It is well-known that Saudi Arabia plays a major role in the oil markets. As a key member of the Organization of the Petroleum Exporting Countries (OPEC), the national petroleum and natural gas company Saudi Aramco produces and manages billions of barrels of Saudi oil, including approximately 260 billion barrels in reserves.
However, little is known about the emerging Saudi Arabia stock market, known as the Tadawul.
What Is the Tadawul?
The Tadawul is the only stock exchange in the country and the main stock exchange among the Gulf Cooperation Council (GCC) countries. According to the Saudi Gazette, The market was mostly informal through the 1970s with only 14 companies listed. But in 1984, the government tasked a ministerial committee to develop and regulate the market. In 2004, the government created the Capital Market Authority (CMA), the sole regulator of the market, and in 2007, the Saudi Stock Exchange (Tadawul) Company was formed.
The Tadawul offers equities, Islamic bonds (known as sukuk), exchange-traded funds (ETFs), and mutual funds. Currently, the Tadawul has nearly 200 companies listed for trading. The Tadawul All Share Index (TASI) is the major stock market index which tracks the performance of all companies listed on the Saudi Stock Exchange.
At the end of 2017, Nasdaq and Tadawul signed an agreement to transform Tadawul’s post-trade technology infrastructure. Now completed, it allows the Saudi bourse to introduce new asset classes, such as derivatives, to the market.

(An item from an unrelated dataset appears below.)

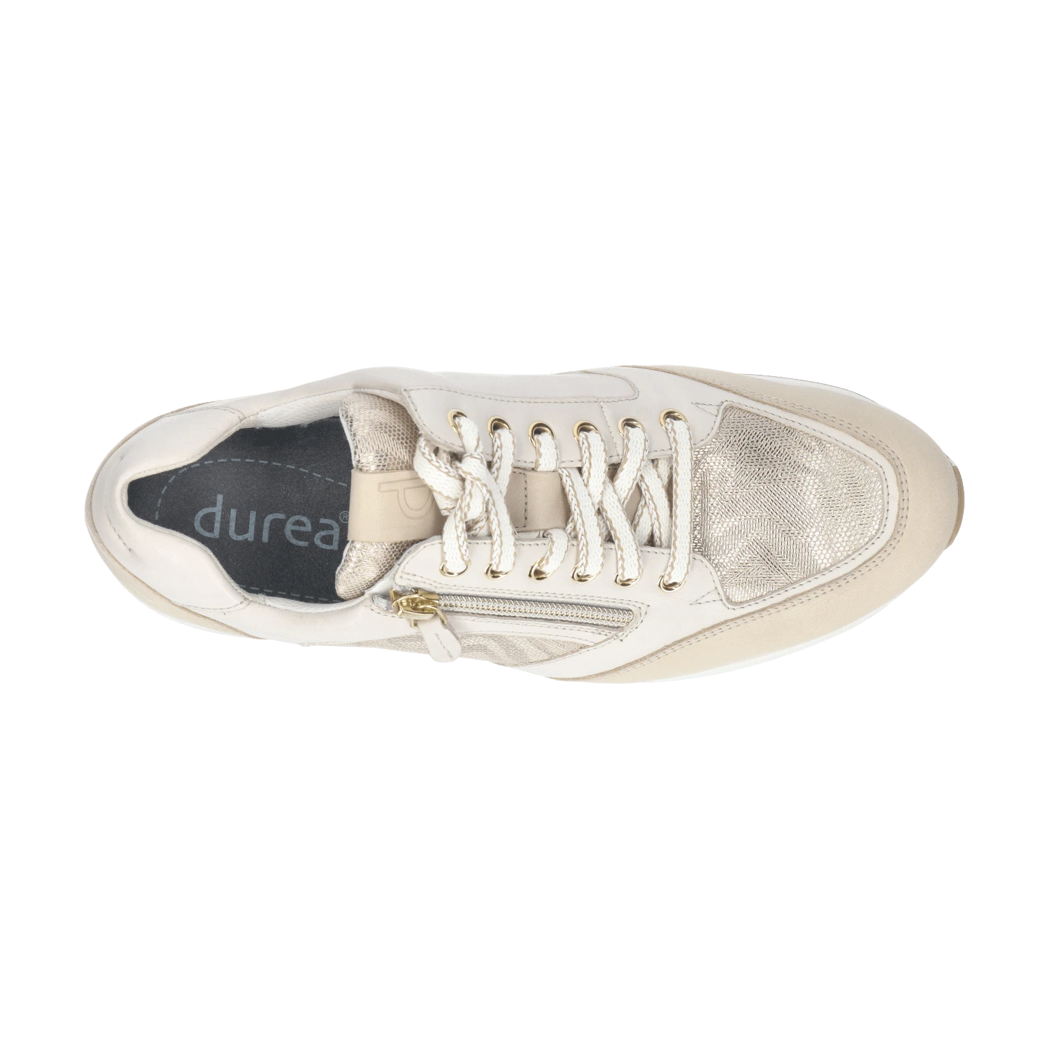 Het bovenwerk valt op door een dynamisch lijnenspel en een luxe mix van materialen. Op de tong prijkt ons Durea logo: een stempel van kwaliteit. Wat je niet meteen ziet, maar wel voelt, is de zachte polstering aan de binnenzijde van de hiel, die voorkomt dat de hielversteviging tegen je voet drukt. De klassieke derby-stijl vetersluiting in combinatie met de rits zorgt voor een gemakkelijke instap.

How the Tadawul and US Markets Are Correlated
The Tadawul is positively correlated to U.S. stock markets due to a currency peg. In turn, the Tadawul is thought to be highly positively correlated to neighboring stock exchanges, such as the Abu Dhabi stock exchange, the Dubai Stock Exchange, and the Bahrain Stock Exchange. Usually, price movements in the Tadawul trigger similar movements in these stock exchanges.